__INPUT DATA__.

○ ○ ○ ○ ○

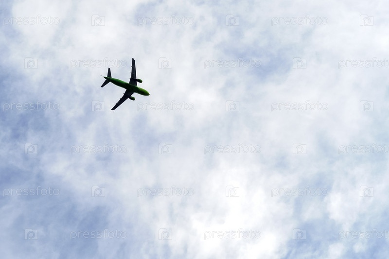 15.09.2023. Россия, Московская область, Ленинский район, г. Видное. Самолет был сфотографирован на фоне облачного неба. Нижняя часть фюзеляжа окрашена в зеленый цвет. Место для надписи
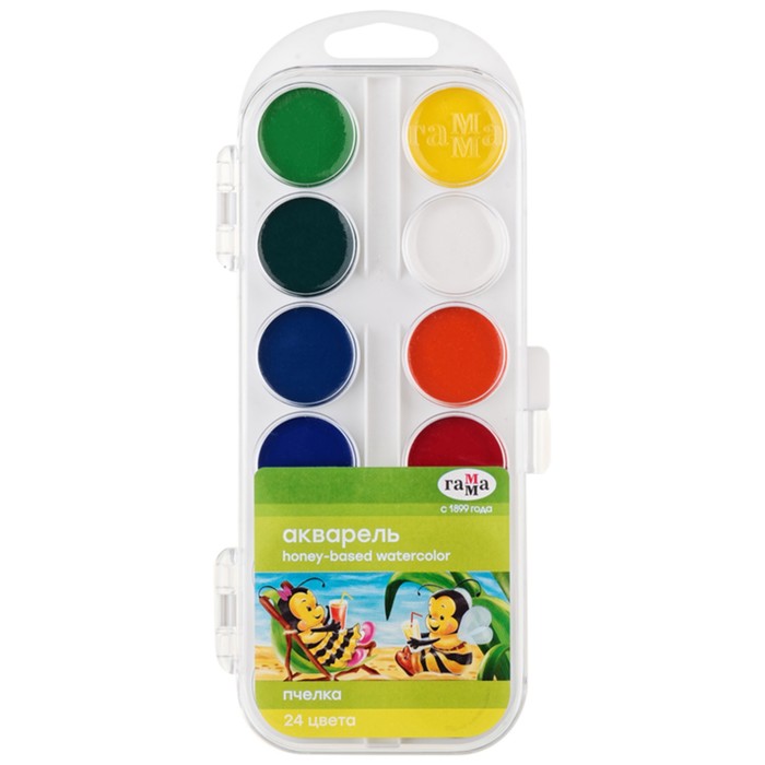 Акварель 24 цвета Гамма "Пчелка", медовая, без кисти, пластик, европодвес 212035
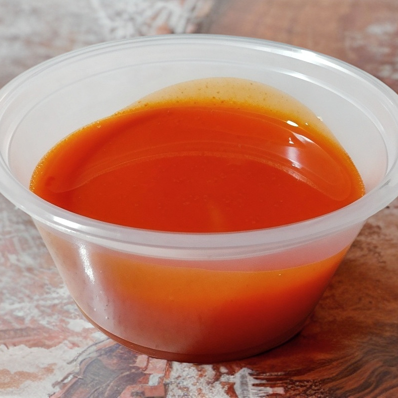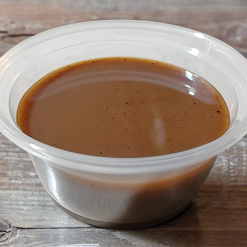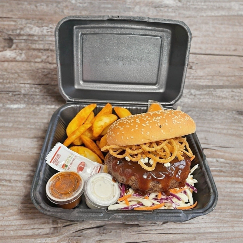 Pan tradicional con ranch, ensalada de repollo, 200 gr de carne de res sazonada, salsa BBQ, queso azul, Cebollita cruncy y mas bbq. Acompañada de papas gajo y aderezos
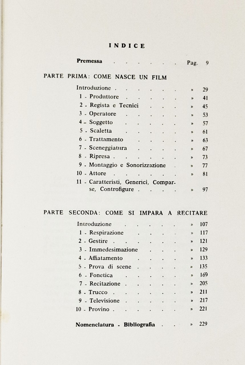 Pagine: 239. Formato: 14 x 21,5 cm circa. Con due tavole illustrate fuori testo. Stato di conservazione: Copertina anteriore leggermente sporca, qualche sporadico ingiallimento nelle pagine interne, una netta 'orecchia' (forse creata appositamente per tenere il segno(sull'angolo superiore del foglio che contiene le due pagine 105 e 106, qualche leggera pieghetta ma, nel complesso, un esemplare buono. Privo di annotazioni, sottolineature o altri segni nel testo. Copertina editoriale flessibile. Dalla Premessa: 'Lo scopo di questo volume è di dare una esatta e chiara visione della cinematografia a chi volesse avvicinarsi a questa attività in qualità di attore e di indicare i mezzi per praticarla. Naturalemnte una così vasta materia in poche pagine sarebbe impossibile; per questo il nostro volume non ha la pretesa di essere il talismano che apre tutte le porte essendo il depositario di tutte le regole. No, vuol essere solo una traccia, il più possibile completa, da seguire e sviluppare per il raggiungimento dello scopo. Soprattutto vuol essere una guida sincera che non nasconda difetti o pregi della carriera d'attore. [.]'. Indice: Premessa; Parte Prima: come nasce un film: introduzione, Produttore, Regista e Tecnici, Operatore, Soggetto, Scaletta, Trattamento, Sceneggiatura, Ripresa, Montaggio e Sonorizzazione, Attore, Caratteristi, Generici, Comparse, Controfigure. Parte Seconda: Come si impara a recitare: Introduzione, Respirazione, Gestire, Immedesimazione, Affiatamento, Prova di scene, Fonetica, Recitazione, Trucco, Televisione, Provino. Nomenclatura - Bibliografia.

○ ○ ○ ○ ○

__TRY IT__.
If a picture sits between the line containing "Акварель 24 цвета" and the line containing "Pan tradicional con", leave it out, and return the lines of that range above exactly, both ends included.

__ANSWER SECTION__.
 Акварель 24 цвета Гамма "Пчелка", медовая, без кисти, пластик, европодвес 212035
 Pan tradicional con ranch, ensalada de repollo, 200 gr de carne de res sazonada, salsa BBQ, queso azul, Cebollita cruncy y mas bbq. Acompañada de papas gajo y aderezos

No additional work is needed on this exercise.